While indigenisation of an acquired technology has taken two decades, ISRO’s efforts at an entirely indigenous development of the technology are four decades old. Once import of Russian technology became possible, indigenous development, which, since the 1970s, has been progressing in fits and starts (see separate article on page 22) right up to the new millennium, seems to have given way to an indigenous development route that has been strongly influenced by the acquired technology. (The indigenised GSLV is called GSLV-MkII as against GSLV-MkI, which uses the Russian engine and stage.) It is moot whether this was the right approach to develop a complex technology given the extraordinarily long time that the indigenisation process has taken. The truly indigenous GSLV-MkIII, powered by an engine and stage that are totally indigenous, awaits its test next year.

As recounted by S. Ramakrishnan, former Director of ISRO’s Liquid Propulsion Systems Centre (LPSC) and the current Director of the Vikram Sarabhai Space Centre (VSSC), in his Aeronautical Society of India presentation in June 2012, as part of the fully indigenous developmental efforts that began in the 1980s, many ground tests were carried out on a one-tonne thrust subscale engine in order to generate data for designing a large-scale 12-tonne thrust engine (C12).

The first experimental hot test (real life test burning with the actual propellant) on the subscale engine was conducted in 1987 using gaseous hydrogen (GH2) and gaseous oxygen (GO2). This was followed by a test with the propellant combination of LOX and GH2 that used a heat-sink thrust chamber. The first fully cryogenic regeneratively cooled subscale engine, which used LOX and LH2, was tested after a five-year gap, in June 1993, at a newly built subscale test facility. In a regeneratively cooled engine, one of the propellants from the engine outlet passes around the chamber to prevent it from overheating.

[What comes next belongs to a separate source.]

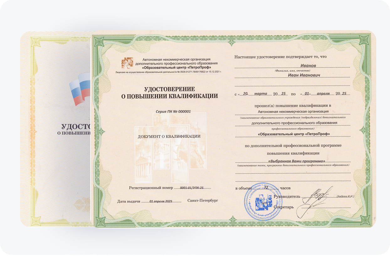 По завершении программы слушатели получают удостоверение о повышении квалификации (УПК). Это документ об образовании гос.образца, подтверждающий прохождение курса повышения квалификации и наличие необходимых компетенций для дальнейшей проф.деятельности. Учебный центр «ПетроПроф» имеет лицензию на образовательную деятельность.
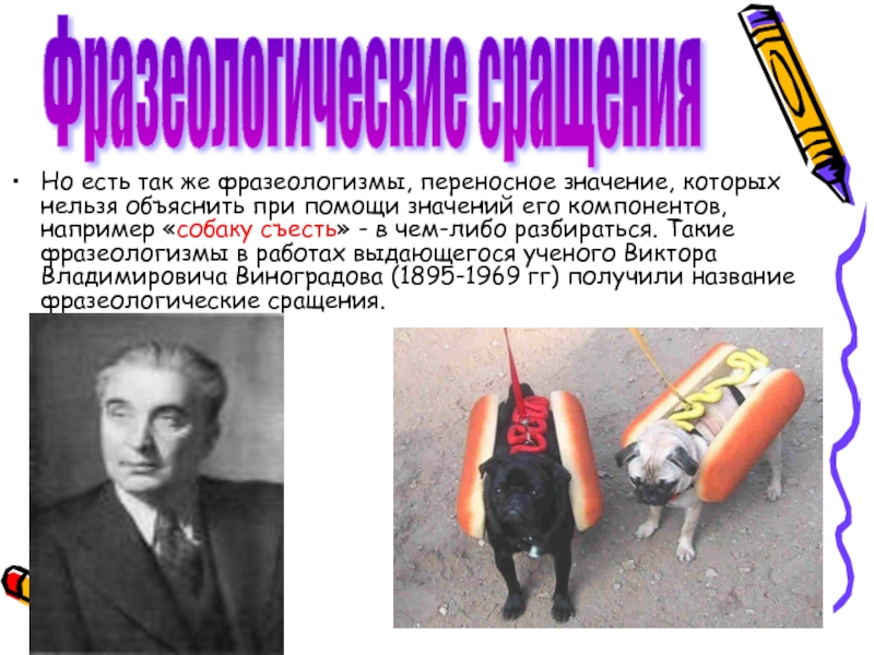 помощи значений его компонентов, например «собаку съесть» - в чем-либо разбираться. Такие фразеологизмы в работах выдающегося ученого Виктора Владимировича Виноградова (1895-1969 гг) получили название фразеологические сращения.

The test had to wait for the setting up of the first ever liquid hydrogen plant in the country, which ISRO did. Also the revival of the indigenous development that was hitherto on a slow mode was spurred following the uncertainty over the Russian deal. The test was a failure, which was caused by the failure of an isolation valve (also called the “latch”), an important component of the test-firing equipment, resulting in a hydrogen explosion. The test had apparently been attempted using a valve unsuitable for cryogenic liquid firings. Identification of the problem led to the use of an Oxygen Free High Conductivity (OFHC) copper, instead of stainless steel (SS), thrust chamber. A subsequent test in November 1995 after modifying the test procedure was, however, successful, which was followed by more tests.

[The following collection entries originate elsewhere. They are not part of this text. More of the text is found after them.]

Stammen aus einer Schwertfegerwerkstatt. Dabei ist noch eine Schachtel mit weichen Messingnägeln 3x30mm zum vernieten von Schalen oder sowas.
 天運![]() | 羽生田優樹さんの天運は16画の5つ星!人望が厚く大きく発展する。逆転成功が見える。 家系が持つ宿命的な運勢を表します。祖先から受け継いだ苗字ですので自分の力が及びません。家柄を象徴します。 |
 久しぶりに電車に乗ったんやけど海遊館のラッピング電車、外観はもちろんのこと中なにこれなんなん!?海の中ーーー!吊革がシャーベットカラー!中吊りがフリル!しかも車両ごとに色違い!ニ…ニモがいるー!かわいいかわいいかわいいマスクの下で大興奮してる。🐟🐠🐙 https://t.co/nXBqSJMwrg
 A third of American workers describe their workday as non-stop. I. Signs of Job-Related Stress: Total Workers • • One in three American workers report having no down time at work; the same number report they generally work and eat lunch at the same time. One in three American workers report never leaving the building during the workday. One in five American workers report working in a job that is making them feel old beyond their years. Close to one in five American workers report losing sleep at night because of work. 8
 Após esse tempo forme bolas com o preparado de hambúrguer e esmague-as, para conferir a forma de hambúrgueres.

According to Ramakrishnan, a sea-level thrust chamber for C12 was designed, realised and two hot tests in de-rated conditions, using LOX and LH2, were carried out in 1998. Experimental studies were also conducted on turbo pump systems. These were tested with gaseous nitrogen as turbine drive fluid and pump handling water in May 2000. “These studies,” says Ramakrishnan in his paper, “gave the ISRO team the experience on design, analysis and realisation of cryo thrust chambers and turbo pumps, as well as in production, storage and handling of cryogenic propellants.” The regeneratively cooled subscale engine incorporated some important technology developments, like electroforming where thin metallic layers are deposited on a base surface by electrodeposition. Electroforming has been used in the French HM7, the main space shuttle engine, and the Japanese LE7 to form the coolant channels through which one of the propellants would pass around the engine. The electroforming technique for the one-tonne cryogenic subscale engine (and later for the 12-tonne (C12) engine as well) had been developed by the CSIR’s Central Electrochemical Research Institute (CECRI) at Karaikudi, Tamil Nadu.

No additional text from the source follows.